*Work order*.
Exact copy, pictures excluded: the lines from the one containing "兔子刺绣羊绒开衫女圆领毛衣外套拼色100%纯羊毛针织开衫减龄外搭" to the end of the listing.

*Given information*.
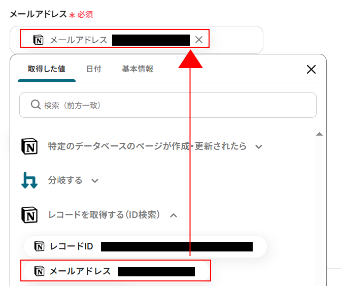 「レコードを取得する(ID検索)」をクリックしてください。
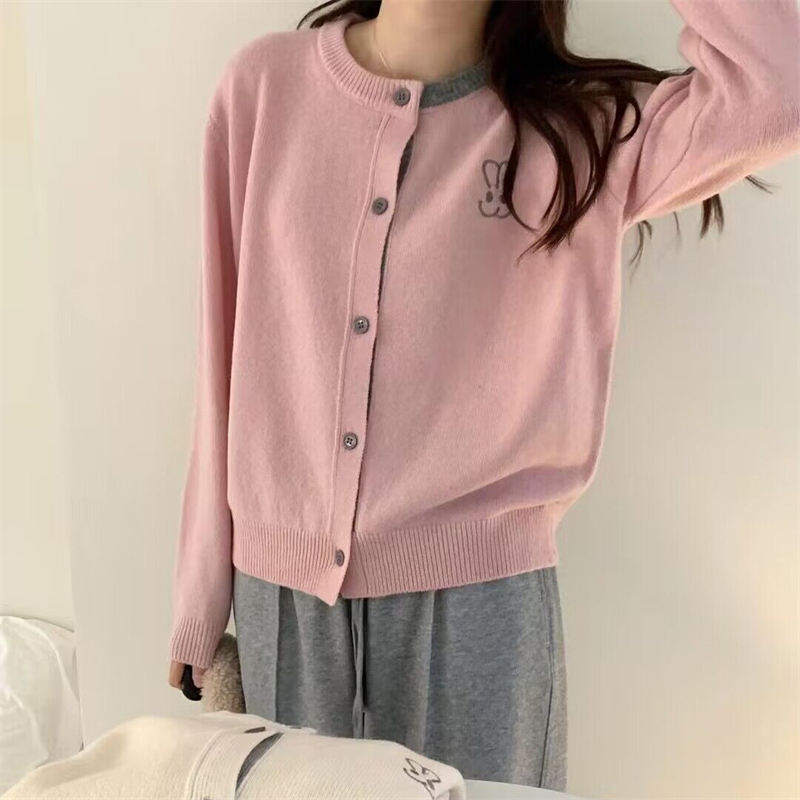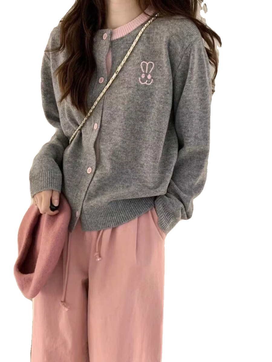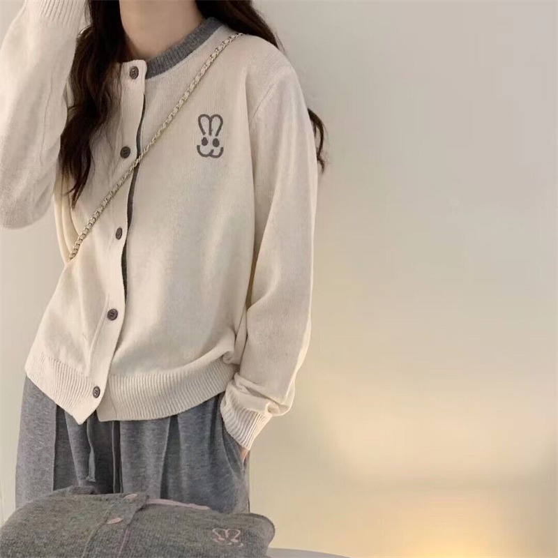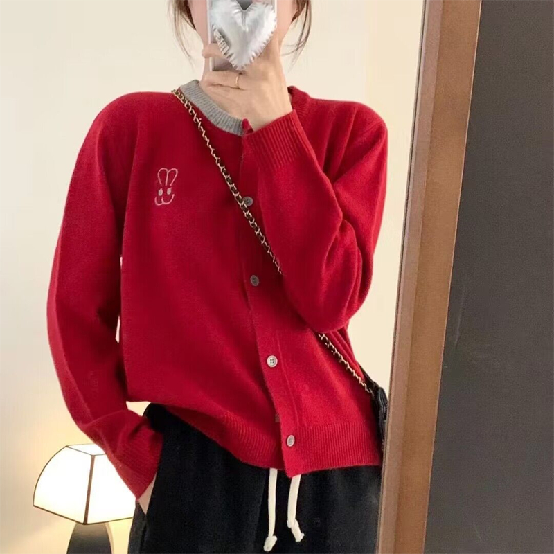 兔子刺绣羊绒开衫女圆领毛衣外套拼色100%纯羊毛针织开衫减龄外搭
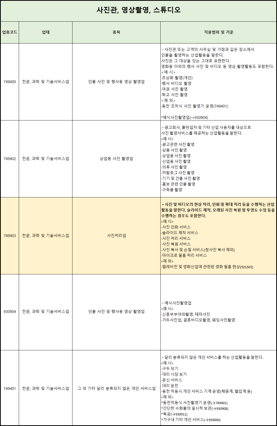 업종 : 전문, 과학 및 기술서비스업/사진처리업
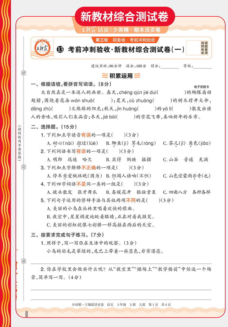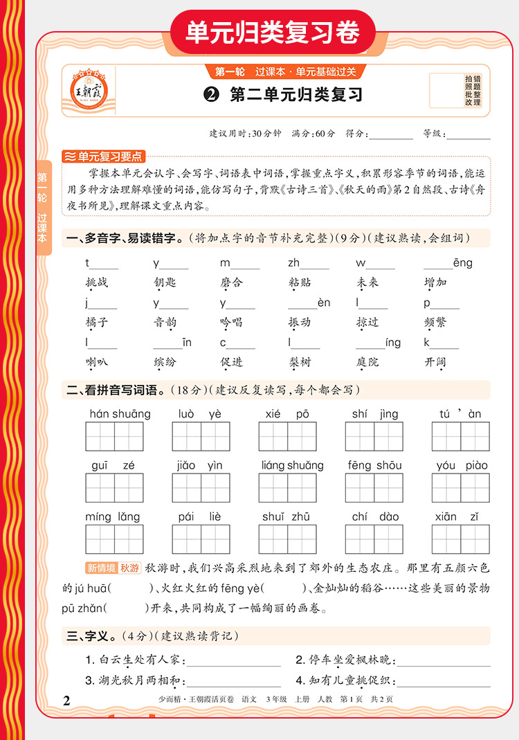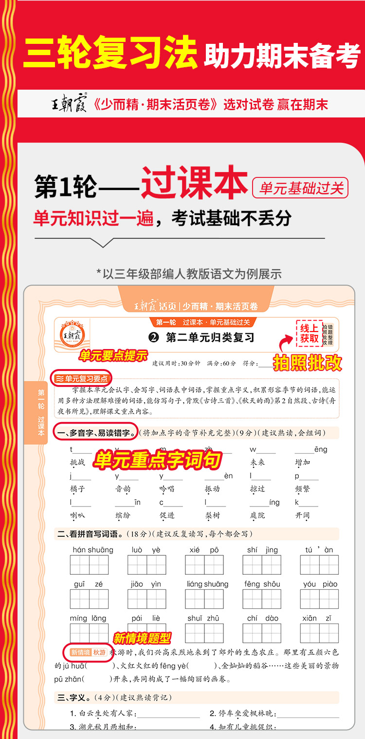 2025秋上册王朝霞过课本期末复习导航期末考前复习备考AI老师辅导伴学期末冲刺卷

*Answer section*.
 兔子刺绣羊绒开衫女圆领毛衣外套拼色100%纯羊毛针织开衫减龄外搭
 업종 : 전문, 과학 및 기술서비스업/사진처리업
 2025秋上册王朝霞过课本期末复习导航期末考前复习备考AI老师辅导伴学期末冲刺卷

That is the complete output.